Divided Into three Segments

The bit number 15 is the sign bit.
The bists for 10 to 14 are the exponent.
The final 10 bits are the fraction.

The values for this representation is calculated as shown below

Fig. 2 : half precision floating point formatt with value for bits.

If the exponent bits is ones (11111), then the value will be NaN (“Not a number”).
If the exponent bits is zeros (0000), then the value will be a subnormal number and calculated by :
(−1) ^ signbit × 2 ^ −14 × 0.significantbits_base_2
Otherwise the value will be a normalized value and calculated by :
(−1) ^ signbit × 2 ^ exponent value − 15 × 1.significantbits_base_2

Based on half precision floating point methodology if we tried to add 1 + 0.0001 the output will be 1 because of the limited range and aligning between 1 and 0.0001 as shown in this answer.

And that will cause numbers of problems while training DNNs, For trying and investigation through conversion or adding in binary 16 float point check this site.

The main issues while training with FP16

Values is imprecise.
Underflow Risk.
Exploding Risk.

Values is imprecise

In neural Network training all weights, activations, and gradients are stored as FP16.
And as we know updating weights is done based on this equation

New_weight = Weight - Learning_Rate * Weight.Gradient

Since Weight.Gradient and Learning_Rate usually with small values and as shown before in half precision if the weight is 1 and Learning_Rate is 0.0001 or lower that will made freezing thrugh weights value.

Underflow Risk

In FP16, Gradients will get converted to zero because gradients usually are too low.
In FP16 arithmetic the values smaller than 0.000000059605 = 2 ^ -24 become zero as this value is the smallest positive subnormal number and for more details investigate here.
With underflow, network never learns anything.

Overflow Risk

In FP16, activations and network paramters can increase till hitting NANs.
With overflow or exploding gradients, network learns garbage.

The Proposed Techniques for Training with Mixed Precision

Mainly there are three techniques for preventing the loss of critical information.

Single precision FP32 Master copy of weights and updates.
Loss (Gredient) Scaling.
Accumulating half precision products into single precision.

Single precision FP32 Master copy of weights and updates

To overcome the first problem we use a copy from the FP32 master of all weights and in each iteration apply the forward and backward propagation in FP16 and then update weights stored in the master copy as shown below.

Fig. 3 : Mixed precision training iteration for a layer.

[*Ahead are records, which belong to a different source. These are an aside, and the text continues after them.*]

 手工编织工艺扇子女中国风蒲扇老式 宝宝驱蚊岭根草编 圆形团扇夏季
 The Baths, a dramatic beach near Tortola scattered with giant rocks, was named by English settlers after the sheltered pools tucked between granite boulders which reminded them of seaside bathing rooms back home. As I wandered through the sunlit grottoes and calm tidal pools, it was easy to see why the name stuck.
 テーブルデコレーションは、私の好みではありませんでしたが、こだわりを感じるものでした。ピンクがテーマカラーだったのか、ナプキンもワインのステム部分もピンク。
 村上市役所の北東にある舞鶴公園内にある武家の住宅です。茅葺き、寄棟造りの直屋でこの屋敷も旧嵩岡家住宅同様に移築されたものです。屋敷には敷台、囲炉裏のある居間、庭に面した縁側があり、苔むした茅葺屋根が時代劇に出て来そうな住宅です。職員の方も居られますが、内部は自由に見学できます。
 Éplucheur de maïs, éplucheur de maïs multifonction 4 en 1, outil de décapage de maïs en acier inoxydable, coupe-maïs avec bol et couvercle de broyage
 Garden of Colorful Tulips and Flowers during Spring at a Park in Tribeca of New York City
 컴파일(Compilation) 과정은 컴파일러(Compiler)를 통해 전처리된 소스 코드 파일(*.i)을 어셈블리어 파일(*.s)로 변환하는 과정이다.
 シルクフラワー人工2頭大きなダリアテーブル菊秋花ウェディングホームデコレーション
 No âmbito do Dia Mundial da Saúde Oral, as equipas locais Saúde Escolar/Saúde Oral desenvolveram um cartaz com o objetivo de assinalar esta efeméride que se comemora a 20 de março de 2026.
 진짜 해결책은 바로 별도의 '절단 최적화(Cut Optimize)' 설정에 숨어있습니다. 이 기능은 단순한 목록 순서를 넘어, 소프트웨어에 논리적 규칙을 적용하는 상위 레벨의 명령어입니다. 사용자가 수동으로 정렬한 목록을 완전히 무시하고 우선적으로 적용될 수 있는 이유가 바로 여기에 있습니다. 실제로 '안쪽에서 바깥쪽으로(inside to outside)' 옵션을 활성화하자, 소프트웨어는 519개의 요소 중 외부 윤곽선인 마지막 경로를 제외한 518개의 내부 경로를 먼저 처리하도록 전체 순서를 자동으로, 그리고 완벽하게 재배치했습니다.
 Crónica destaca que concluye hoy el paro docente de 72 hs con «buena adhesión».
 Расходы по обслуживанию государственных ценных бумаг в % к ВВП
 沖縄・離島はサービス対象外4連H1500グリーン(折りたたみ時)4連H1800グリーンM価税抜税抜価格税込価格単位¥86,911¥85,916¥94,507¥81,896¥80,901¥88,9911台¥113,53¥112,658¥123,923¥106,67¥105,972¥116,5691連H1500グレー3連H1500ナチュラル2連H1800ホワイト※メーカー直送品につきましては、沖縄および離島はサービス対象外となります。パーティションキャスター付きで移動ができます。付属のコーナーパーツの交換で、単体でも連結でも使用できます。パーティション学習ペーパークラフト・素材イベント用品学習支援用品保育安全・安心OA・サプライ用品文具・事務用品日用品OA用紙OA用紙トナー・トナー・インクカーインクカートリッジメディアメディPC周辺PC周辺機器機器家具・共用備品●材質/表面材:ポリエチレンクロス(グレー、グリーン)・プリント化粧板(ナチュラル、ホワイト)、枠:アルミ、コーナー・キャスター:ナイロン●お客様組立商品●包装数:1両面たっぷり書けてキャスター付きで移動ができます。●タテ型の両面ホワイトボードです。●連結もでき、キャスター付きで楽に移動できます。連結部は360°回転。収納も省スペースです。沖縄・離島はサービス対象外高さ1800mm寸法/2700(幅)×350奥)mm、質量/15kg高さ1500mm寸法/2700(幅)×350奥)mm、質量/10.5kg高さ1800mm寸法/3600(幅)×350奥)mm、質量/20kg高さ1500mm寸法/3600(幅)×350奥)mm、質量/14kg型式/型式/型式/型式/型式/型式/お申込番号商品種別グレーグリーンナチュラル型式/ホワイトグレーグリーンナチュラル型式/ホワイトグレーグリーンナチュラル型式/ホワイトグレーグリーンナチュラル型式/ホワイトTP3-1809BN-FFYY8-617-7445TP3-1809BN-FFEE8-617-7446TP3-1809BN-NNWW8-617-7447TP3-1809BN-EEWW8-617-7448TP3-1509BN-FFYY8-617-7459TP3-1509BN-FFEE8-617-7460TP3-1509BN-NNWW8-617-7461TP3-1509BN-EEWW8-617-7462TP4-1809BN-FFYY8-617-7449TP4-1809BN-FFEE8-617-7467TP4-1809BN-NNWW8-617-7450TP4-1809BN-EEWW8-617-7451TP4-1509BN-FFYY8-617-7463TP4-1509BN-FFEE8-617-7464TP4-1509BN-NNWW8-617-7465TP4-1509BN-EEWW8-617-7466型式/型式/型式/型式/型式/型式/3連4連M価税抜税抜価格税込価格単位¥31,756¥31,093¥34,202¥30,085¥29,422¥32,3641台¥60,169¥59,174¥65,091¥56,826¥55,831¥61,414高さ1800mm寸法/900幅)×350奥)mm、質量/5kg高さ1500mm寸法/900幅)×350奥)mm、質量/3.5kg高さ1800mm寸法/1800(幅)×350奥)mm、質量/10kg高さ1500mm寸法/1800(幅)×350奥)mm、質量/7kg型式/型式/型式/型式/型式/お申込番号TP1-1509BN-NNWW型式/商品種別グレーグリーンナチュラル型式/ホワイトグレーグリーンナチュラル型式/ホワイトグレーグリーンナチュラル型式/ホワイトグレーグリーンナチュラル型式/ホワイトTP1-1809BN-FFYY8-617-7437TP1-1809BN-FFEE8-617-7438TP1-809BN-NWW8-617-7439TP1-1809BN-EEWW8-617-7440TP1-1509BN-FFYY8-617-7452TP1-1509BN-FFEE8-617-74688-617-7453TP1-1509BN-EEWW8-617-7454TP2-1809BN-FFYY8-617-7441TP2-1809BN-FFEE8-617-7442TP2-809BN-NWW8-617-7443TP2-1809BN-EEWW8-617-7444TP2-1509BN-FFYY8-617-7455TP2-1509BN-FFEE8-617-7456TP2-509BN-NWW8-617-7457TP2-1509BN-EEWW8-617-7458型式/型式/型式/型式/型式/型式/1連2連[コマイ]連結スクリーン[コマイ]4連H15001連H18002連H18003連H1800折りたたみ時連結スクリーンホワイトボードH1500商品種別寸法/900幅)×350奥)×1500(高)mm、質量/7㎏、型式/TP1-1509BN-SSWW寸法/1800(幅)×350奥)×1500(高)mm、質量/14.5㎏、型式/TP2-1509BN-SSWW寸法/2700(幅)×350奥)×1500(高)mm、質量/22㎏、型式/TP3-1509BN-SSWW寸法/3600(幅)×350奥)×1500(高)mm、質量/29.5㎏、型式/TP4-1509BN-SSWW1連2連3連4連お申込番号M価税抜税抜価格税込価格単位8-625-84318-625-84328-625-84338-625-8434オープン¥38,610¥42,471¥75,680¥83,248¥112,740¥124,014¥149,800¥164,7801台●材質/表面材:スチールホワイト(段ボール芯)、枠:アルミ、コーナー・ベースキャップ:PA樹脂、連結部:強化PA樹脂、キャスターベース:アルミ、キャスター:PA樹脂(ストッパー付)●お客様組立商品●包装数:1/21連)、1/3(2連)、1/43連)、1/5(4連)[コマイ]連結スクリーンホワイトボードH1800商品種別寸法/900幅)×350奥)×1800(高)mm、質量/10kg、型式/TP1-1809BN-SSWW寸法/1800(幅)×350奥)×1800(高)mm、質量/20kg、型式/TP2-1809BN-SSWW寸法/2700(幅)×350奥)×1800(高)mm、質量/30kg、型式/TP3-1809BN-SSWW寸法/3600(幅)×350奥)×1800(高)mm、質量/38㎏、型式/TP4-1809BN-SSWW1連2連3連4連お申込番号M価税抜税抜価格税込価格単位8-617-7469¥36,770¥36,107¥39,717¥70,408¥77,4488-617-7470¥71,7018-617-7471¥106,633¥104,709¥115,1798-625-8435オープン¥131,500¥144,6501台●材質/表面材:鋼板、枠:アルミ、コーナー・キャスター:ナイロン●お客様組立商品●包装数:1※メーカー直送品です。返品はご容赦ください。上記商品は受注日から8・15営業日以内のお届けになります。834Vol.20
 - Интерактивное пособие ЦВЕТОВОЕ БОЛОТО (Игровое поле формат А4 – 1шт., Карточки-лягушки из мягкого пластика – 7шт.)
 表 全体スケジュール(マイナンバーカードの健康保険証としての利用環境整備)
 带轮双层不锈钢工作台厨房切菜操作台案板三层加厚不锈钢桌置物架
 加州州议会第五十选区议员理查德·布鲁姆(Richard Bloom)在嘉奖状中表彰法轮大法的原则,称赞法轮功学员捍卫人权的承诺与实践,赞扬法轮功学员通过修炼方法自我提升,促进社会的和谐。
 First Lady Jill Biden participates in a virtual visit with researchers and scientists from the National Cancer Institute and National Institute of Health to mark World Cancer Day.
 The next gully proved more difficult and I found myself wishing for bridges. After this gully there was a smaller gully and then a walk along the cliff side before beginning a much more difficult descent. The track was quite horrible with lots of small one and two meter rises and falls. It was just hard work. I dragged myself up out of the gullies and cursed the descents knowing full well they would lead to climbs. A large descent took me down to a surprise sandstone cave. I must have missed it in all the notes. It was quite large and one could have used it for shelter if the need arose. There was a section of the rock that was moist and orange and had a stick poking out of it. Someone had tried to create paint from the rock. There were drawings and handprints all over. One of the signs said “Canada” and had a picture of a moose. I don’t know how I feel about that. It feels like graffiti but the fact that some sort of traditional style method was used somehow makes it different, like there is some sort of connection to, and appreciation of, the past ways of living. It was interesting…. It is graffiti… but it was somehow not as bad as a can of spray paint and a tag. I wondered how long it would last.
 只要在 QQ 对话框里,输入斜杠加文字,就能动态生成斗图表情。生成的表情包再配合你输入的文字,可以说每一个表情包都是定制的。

Through the storing an additional copy of weights increases the memory requirements but the overall memory consumptions is approximately halved the need by FP32 training.

Loss (Gredient) Scaling

Gradient values with magnitudes below 2 ^ -27 were not relevant to training network, whereas it was important to preserve values in the [2 ^ -27, 2 ^ -24] range.
Most of the half precision range is not used by gradients, which tend to be small values with magnitudes below 1. Thus, we can multiply them by a scale factor S to keep relevant gradient values from becoming zeros.
This constant scaling factor is chosen empirically or, if gradient statistics are available, directly by choosing a factor so that its product with the maximum absolute gradient value is below 65,504 (the maximum value representable in FP16).
Of course, we don’t want those scaled gradients to be in the weight update, so after converting them into FP32, we can divide them by this scale factor (once they have no risks of becoming 0).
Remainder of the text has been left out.